_EXERCISE INSTRUCTIONS:_ Your job is to print, exactly, the lines in the data below from the line with "The parlour air" through the line with "Brzeszczot do wyrzynarki", both included, and to omit any picture.

[Opening DATA TO PROCESS section]

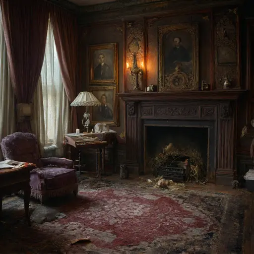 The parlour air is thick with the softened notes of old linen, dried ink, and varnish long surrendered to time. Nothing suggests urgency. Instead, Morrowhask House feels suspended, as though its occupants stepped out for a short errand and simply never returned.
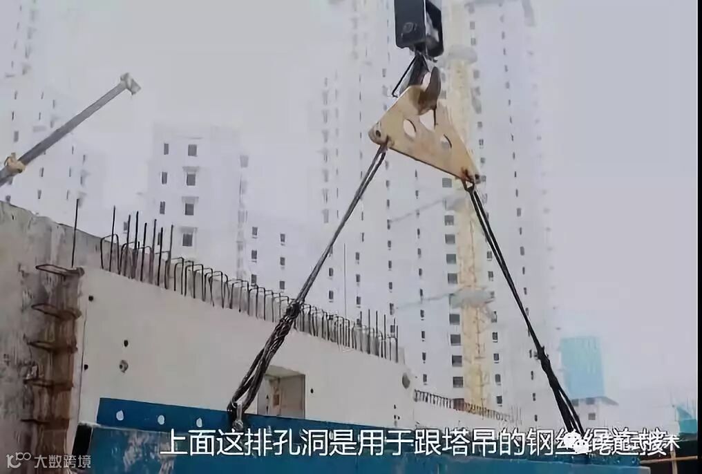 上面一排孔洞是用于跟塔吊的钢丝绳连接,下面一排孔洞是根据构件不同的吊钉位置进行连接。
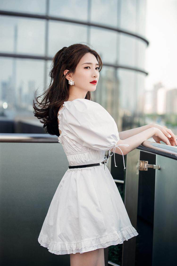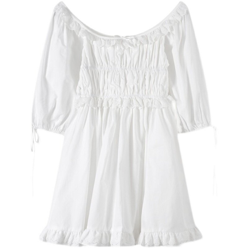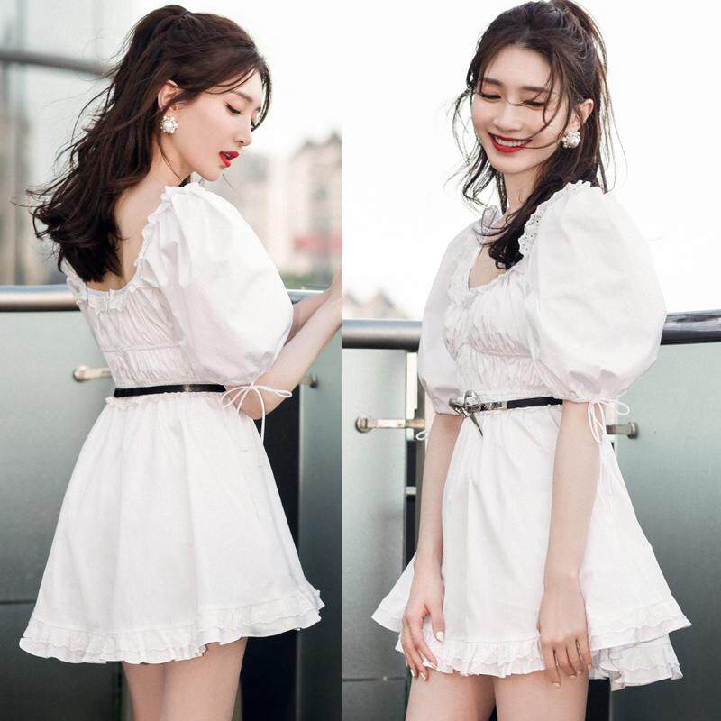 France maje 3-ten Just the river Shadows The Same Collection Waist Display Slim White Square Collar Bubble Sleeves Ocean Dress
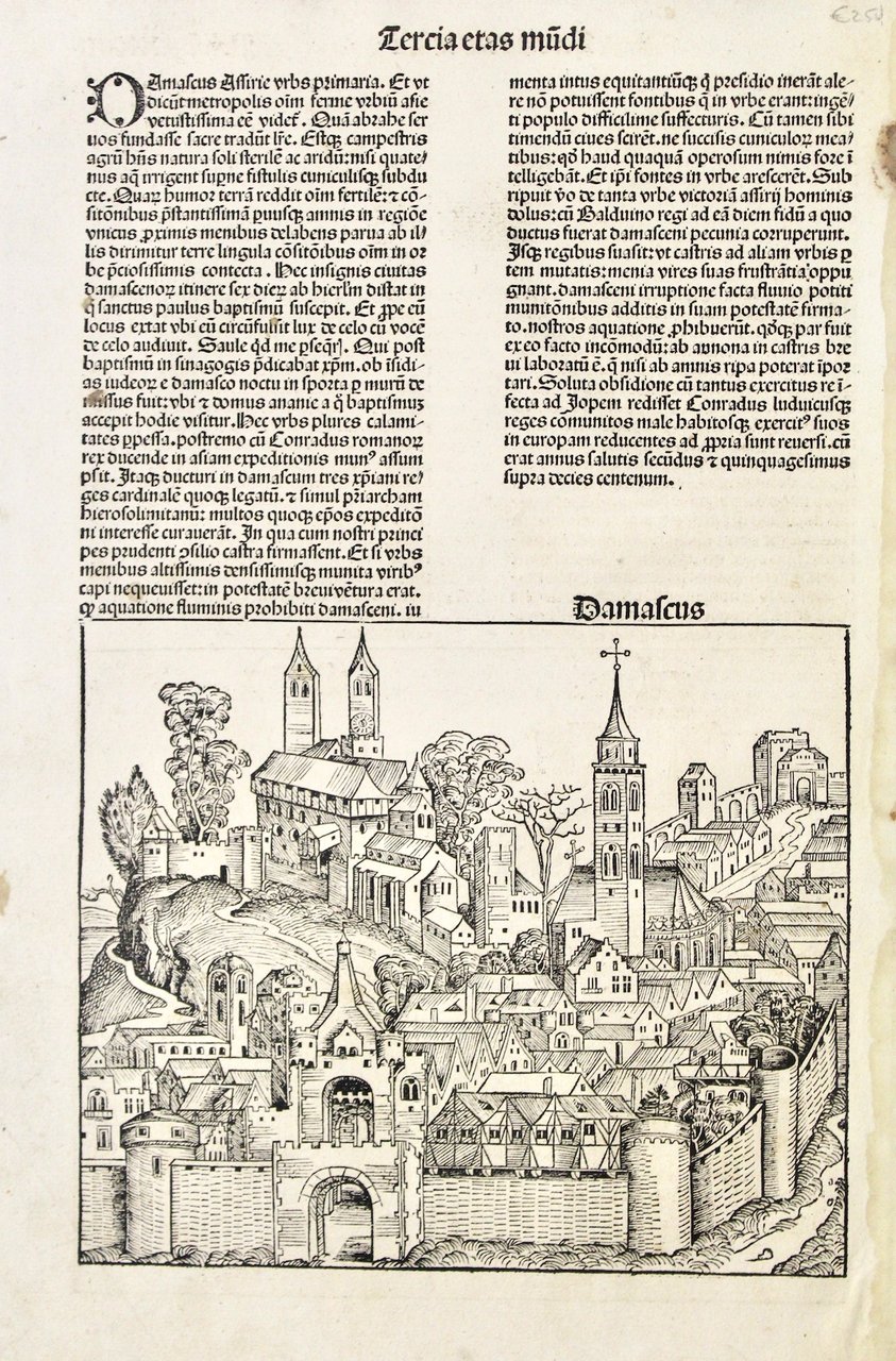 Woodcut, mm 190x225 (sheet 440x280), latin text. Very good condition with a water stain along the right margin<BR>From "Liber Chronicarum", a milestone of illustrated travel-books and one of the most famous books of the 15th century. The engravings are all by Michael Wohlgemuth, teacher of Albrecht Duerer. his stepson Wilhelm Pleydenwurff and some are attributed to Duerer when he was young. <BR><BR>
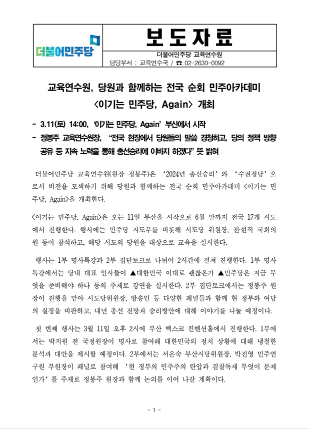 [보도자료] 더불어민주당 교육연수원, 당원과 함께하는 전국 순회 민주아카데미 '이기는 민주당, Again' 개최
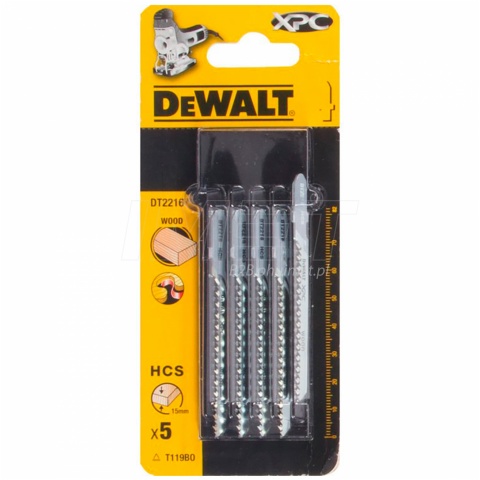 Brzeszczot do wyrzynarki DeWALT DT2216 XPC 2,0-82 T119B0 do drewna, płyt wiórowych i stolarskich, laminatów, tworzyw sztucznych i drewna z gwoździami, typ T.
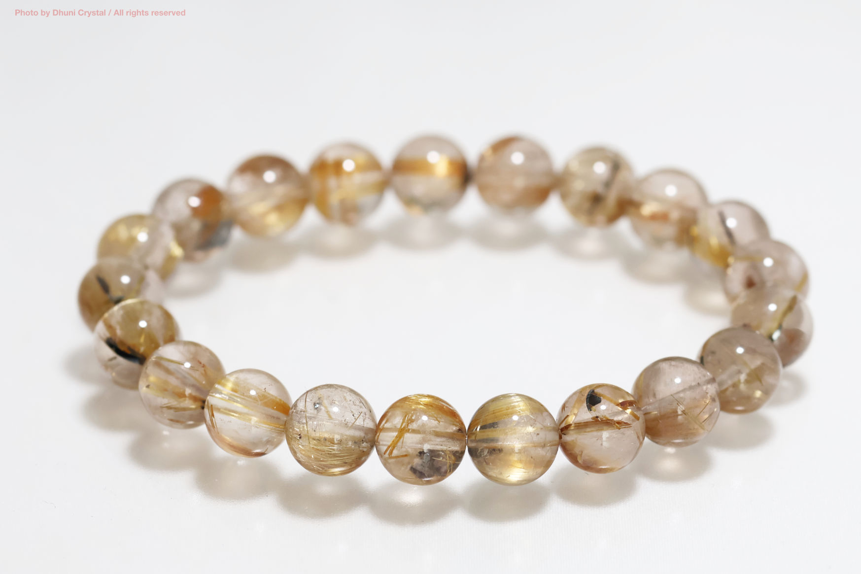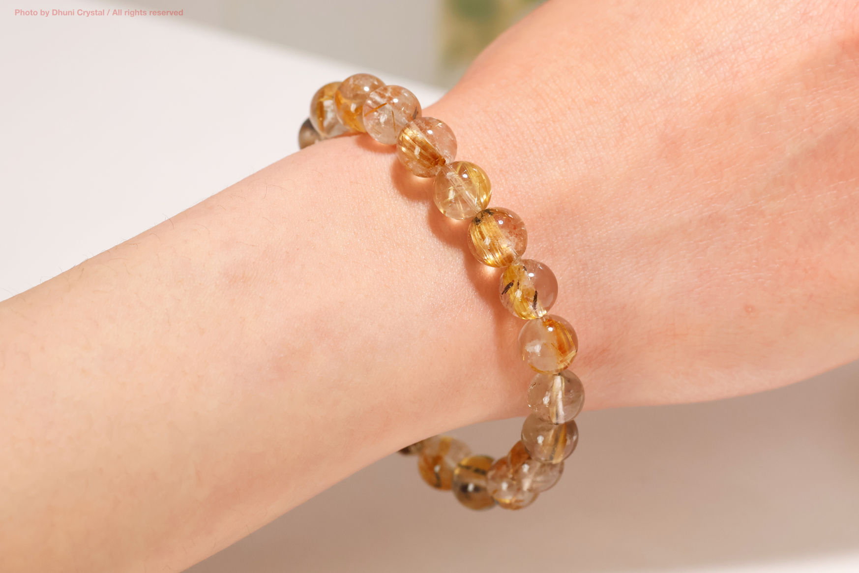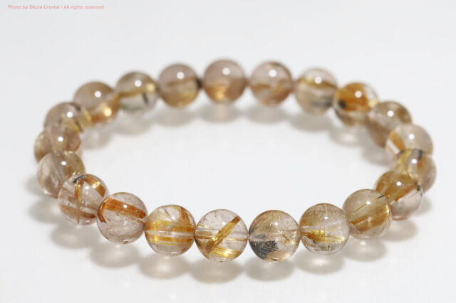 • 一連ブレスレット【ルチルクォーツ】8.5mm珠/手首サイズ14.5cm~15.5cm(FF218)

[Closing DATA TO PROCESS section]
[Opening DATA TO PROCESS section]

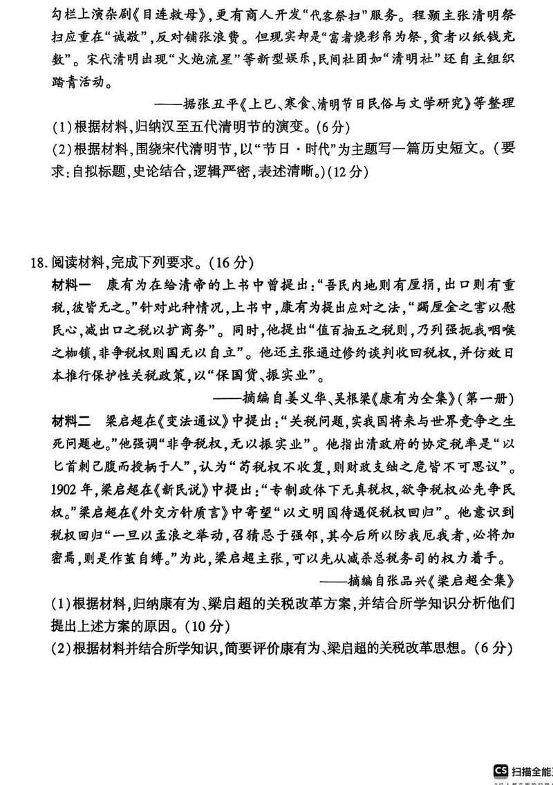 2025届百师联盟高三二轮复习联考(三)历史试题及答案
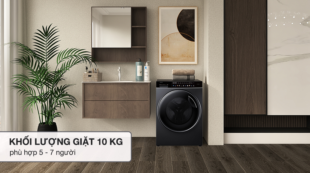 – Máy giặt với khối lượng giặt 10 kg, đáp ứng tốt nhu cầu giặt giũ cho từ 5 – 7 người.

[Closing DATA TO PROCESS section]
[Opening DATA TO PROCESS section]

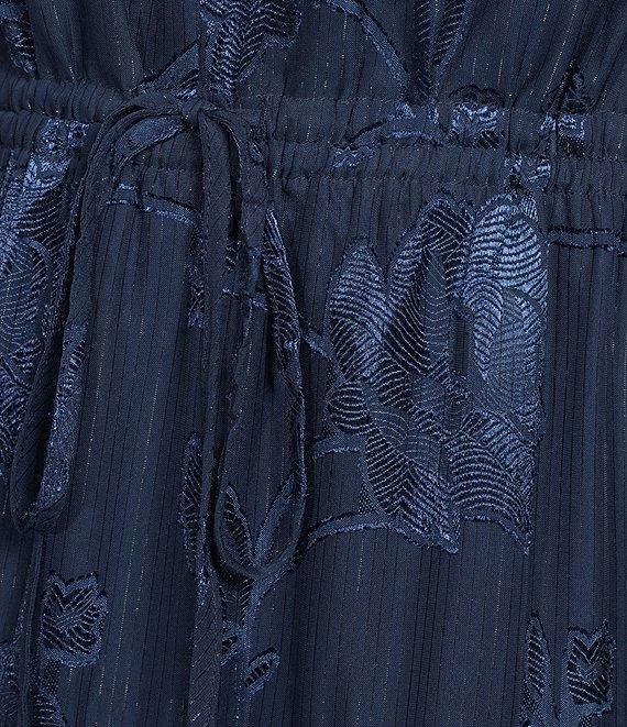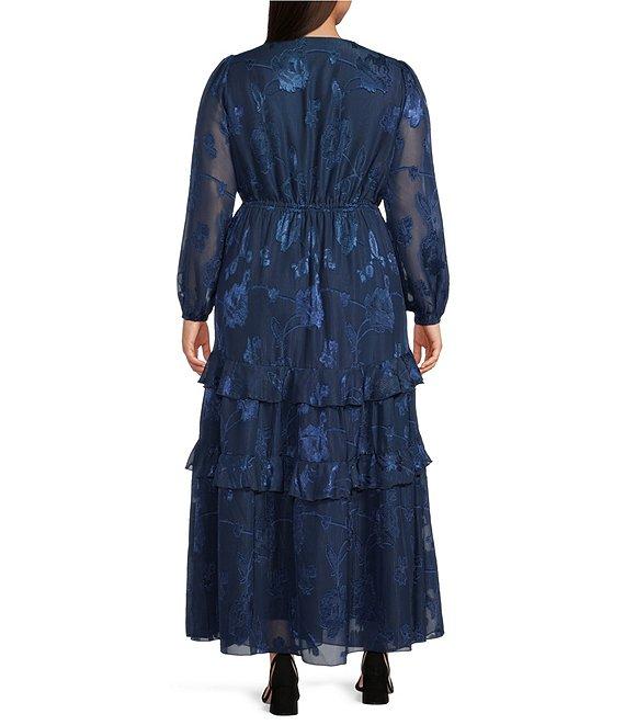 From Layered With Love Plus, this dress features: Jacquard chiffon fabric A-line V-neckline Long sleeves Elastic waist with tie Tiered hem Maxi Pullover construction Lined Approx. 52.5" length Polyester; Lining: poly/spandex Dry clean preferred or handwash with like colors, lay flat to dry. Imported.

[Closing DATA TO PROCESS section]

_OUTPUT FOR THIS EXERCISE:_
 The parlour air is thick with the softened notes of old linen, dried ink, and varnish long surrendered to time. Nothing suggests urgency. Instead, Morrowhask House feels suspended, as though its occupants stepped out for a short errand and simply never returned.
 上面一排孔洞是用于跟塔吊的钢丝绳连接,下面一排孔洞是根据构件不同的吊钉位置进行连接。
 France maje 3-ten Just the river Shadows The Same Collection Waist Display Slim White Square Collar Bubble Sleeves Ocean Dress
 Woodcut, mm 190x225 (sheet 440x280), latin text. Very good condition with a water stain along the right margin<BR>From "Liber Chronicarum", a milestone of illustrated travel-books and one of the most famous books of the 15th century. The engravings are all by Michael Wohlgemuth, teacher of Albrecht Duerer. his stepson Wilhelm Pleydenwurff and some are attributed to Duerer when he was young. <BR><BR>
 [보도자료] 더불어민주당 교육연수원, 당원과 함께하는 전국 순회 민주아카데미 '이기는 민주당, Again' 개최
 Brzeszczot do wyrzynarki DeWALT DT2216 XPC 2,0-82 T119B0 do drewna, płyt wiórowych i stolarskich, laminatów, tworzyw sztucznych i drewna z gwoździami, typ T.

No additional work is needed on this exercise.